技術・人文知識・国際業務は、専門的な知識や技術、あるいは外国の文化に基盤を持つ考え方・感受性を活かして日本で働くための在留資格です。就労ビザの中でも、対象となる職種が幅広く、多く利用されている在留資格のひとつです。
- 「技術」:理学・工学など自然科学の分野の技術や知識を要する業務。エンジニアや技術者などが典型です。
- 「人文知識」:法律学・経済学・社会学など人文科学の分野の知識を要する業務。経営企画、営業、経理、コンサルティングなどが該当します。

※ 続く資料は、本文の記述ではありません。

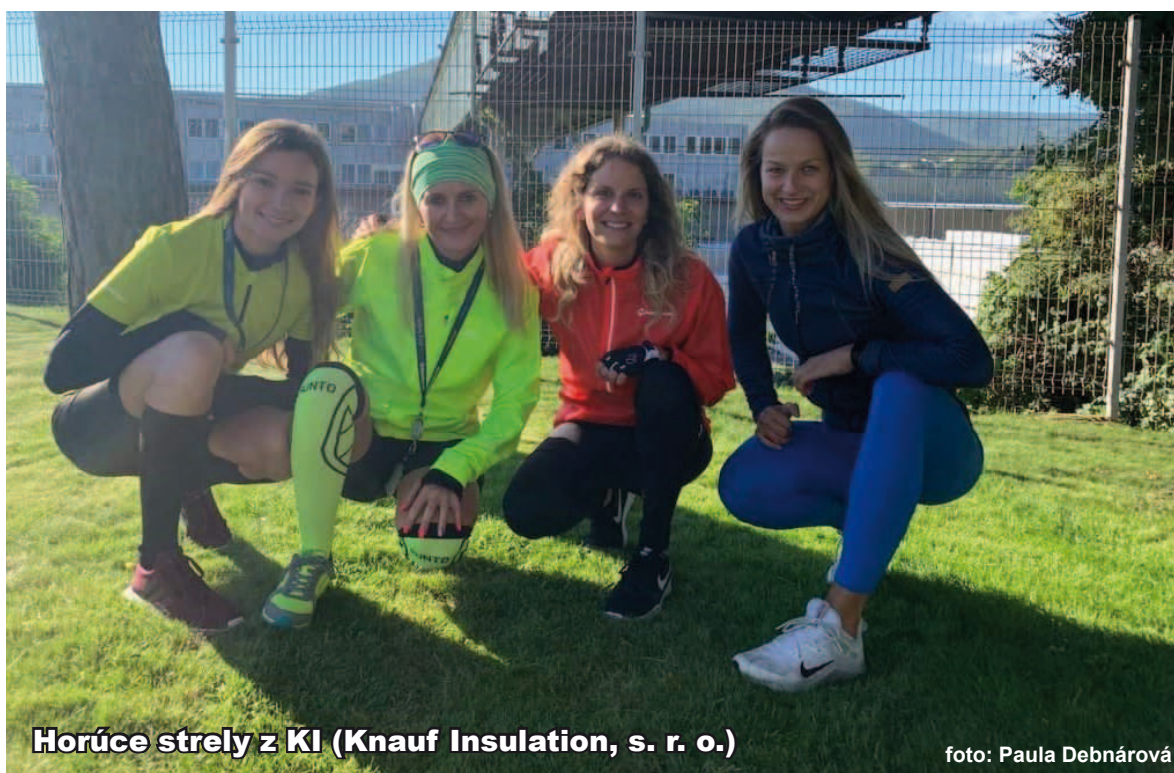
Horúce strely z KI (Knauf Insulation, s. r. o.)

- 「国際業務」:外国の文化に基盤を持つ思考や感受性を必要とする業務。翻訳・通訳、語学教師、海外取引業務、デザインなどが該当します。
技人国の対象となる職種
技人国ビザで働ける職種は幅広く、該当例として、機械工学等の技術者、通訳、デザイナー、私企業の語学教師、マーケティング業務従事者などが挙げられています。3分野ごとに、代表的な職種の例を整理すると次のとおりです。
| 業務の性質 | 職種の例 |
|---|---|
| 自然科学(理学・工学など)の技術・知識を要する業務 | システムエンジニア、プログラマー、機械・電気・建築などの技術者、生産技術・開発職 など |
| 人文科学(法律学・経済学・社会学など)の知識を要する業務 | 営業、経営企画、人事、総務、経理、金融関連業務、マーケティング、法務、コンサルティング など |
| 外国の文化に基盤を持つ思考・感受性を必要とする業務 | 翻訳・通訳、海外取引業務、語学教師(私企業)、デザイナー、広報・宣伝、海外向けの企画業務 など |
いずれの職種も共通しているのは、専門的な知識・技術や、外国人ならではの語学力・感受性を活かす仕事であるという点です。
技人国ビザの主な要件
在留資格「技人国」を取得するには、主に次の要件を満たす必要があります。ここでは概要のみ解説します。
業務内容が在留資格に該当する
従事する仕事が、上で説明した「技術・人文知識・国際業務」のいずれかに当てはまることが前提です。
学歴または実務経験の要件を満たす
従事する仕事の内容に関連する分野を専攻し、大学(短大を含む)を卒業しているか、日本の専門学校を卒業して「専門士」などの称号を得ていることが基本です。学歴で満たせない場合は、実務経験で代える方法もあり、目安は「技術・人文知識」分野で10年以上、「国際業務」分野で3年以上です。
報酬が日本人と同等額以上であること
外国人であることを理由として、不当に日本人より低い報酬にすることは認められていません。
受入れ企業の事業が安定ている
雇用する企業の規模や経営状況に応じて、提出書類が変わります(カテゴリー制度)。
これらの要件は細かく、個々のケースによって判断が異なります。正確な要件は、必ず出入国在留管理庁や専門家にご確認ください。
「単純労働」はなぜ認められないのか
技人国ビザで特に注意が必要なのが、いわゆる「単純労働」には従事できないという点です。
技人国ビザは、専門的な知識・技術や外国の文化に基盤を持つ感受性を活かす仕事のための在留資格です。そのため、こうした専門性を必要としない業務は原則として認められていません。たとえば工場のライン作業、商品の梱包、レジ打ちといった単純作業のみに従事することはできません。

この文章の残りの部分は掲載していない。